## Directions
Leave out the pictures, and copy exactly the lines from the line with "05 Spring Fever in Ocher on Hand-gilded Paper" through the last line of the data below.

## The data
+--
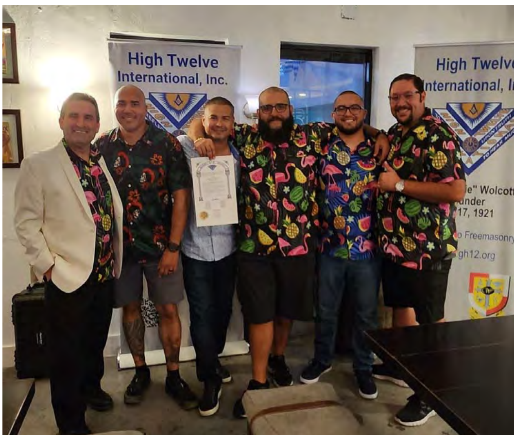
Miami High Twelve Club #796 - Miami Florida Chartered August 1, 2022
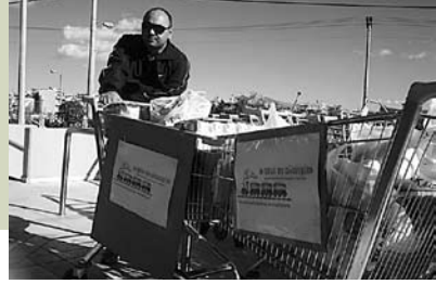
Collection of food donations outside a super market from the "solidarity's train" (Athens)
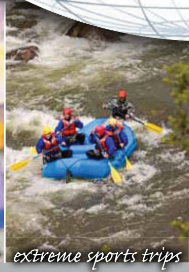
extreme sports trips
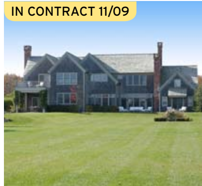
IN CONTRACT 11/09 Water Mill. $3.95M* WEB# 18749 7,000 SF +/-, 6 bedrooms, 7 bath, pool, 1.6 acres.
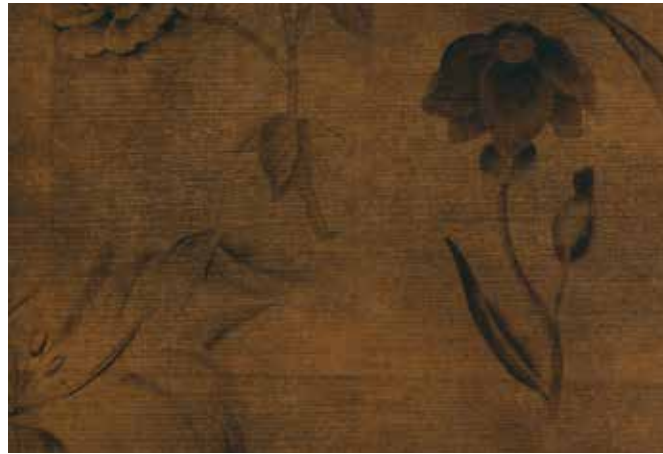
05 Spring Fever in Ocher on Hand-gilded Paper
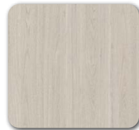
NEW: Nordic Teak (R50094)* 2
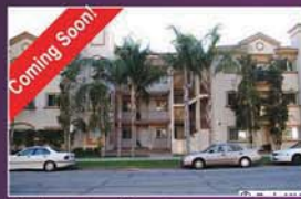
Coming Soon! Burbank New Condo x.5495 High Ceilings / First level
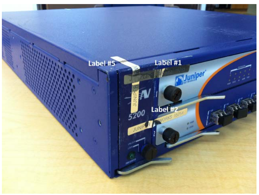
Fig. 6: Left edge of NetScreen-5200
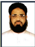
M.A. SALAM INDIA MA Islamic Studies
+--
## Exercise output
05 Spring Fever in Ocher on Hand-gilded Paper
NEW: Nordic Teak (R50094)* 2
Coming Soon! Burbank New Condo x.5495 High Ceilings / First level
Fig. 6: Left edge of NetScreen-5200
M.A. SALAM INDIA MA Islamic Studies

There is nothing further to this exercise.